KORONADAL CITY—Calls to extend the transition period of the Bangsamoro Autonomous Region in Muslim Mindanao (BARMM) for three more years after 2021 are snowballing among local government and religious leaders in Mindanao.

Cardinal Orlando Quevedo, archbishop emeritus of Cotabato, has issued a statement “urgently and formally endorsing the petitions” to extend the Bangsamoro Transition Authority (BTA), whose mandate will expire on June 30 next year. The BTA would not be able to complete its mandate, he said.

“The reasons are indisputable,” Quevedo said. “The Covid-19 pandemic has made it impossible for the BTA to have regular face-to-face sessions. Security issues posed by radical armed groups prevent freedom of travel.”

He said the fledging region still had to resolve several issues, including the status of private sectarian education, decommissioning process of Moro Islamic Liberation Front (MILF) combatants, setting up of the Office of Settler Communities, and the delineation of ancestral domain of indigenous peoples (IP).

Quevedo cited the need to create structural and legal assurance of equality and nondiscrimination of minority groups within the Bangsamoro, especially on hiring and assignment of positions.

He said the transition period could not possibly establish “a new political culture within the Bangsamoro that would be ruled by the principle of transparency, accountability and efficiency—which is the professed intent of the Bangsamoro leadership.”

“[The] election in 2022 [of Bangsamoro officials] would simply erode whatever fragile gains the BTA shall have obtained,” the prelate said.

Pandemic factor

Cotabato Gov. Nancy Catamco also called for the BTA’s term extension, raising concern over the welfare of the people in 63 villages in the province which have chosen to join the BARMM.

She agreed that the pandemic had drastically hampered the transition efforts. “COVID-19 was not yet in our vocabulary” when the peace deal was signed and the Bangsamoro Organic Law (BOL) took effect, she said.
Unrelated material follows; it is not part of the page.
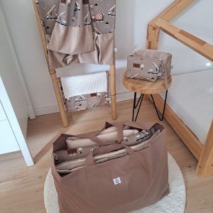 Nincs rajta cipzár ami megnehezítené a kicsik dolgát. Csak benyúlnak és kiveszik, ilyen egyszerű. Elég mély ahhoz, hogy minden elférjen benne amire csak szükségetek van. Az alján van két zseb, ami kialakításának köszönhetően nem csak dísz, pakolható is. A vállfa ajándék! 🙂

“Nobody wants the Mindanao peace process to fail,” said Catamco, the first governor from an IP community in Cotabato.

Earlier, Lanao del Sur Gov. Mamintal Adiong Jr. and local leaders in his province and at least nine towns in Maguindanao endorsed moves to extend the BARMM transition period.

“We would like to assure the Bangsamoro government that we are one with you in aspiring for self-determination and moral governance,” Adiong said in a statement.

Too short

The BARMM, which turned two years old last week, expanded the autonomous region created in 2019 following the ratification of Republic Act No. 11054, or BOL, which was anchored on the Comprehensive Agreement on the Bangsamoro (CAB) forged between the government and the MILF after 17 years of peace negotiations.

Bangsamoro interim Chief Minister Ahod Ebrahim said the transition period was too short to implement all the provisions of CAB, including the normalization track involving the return of MILF members to the social mainstream.

He asked President Rodrigo Duterte, who has favored the extension of the transition, to prod Congress to act on it.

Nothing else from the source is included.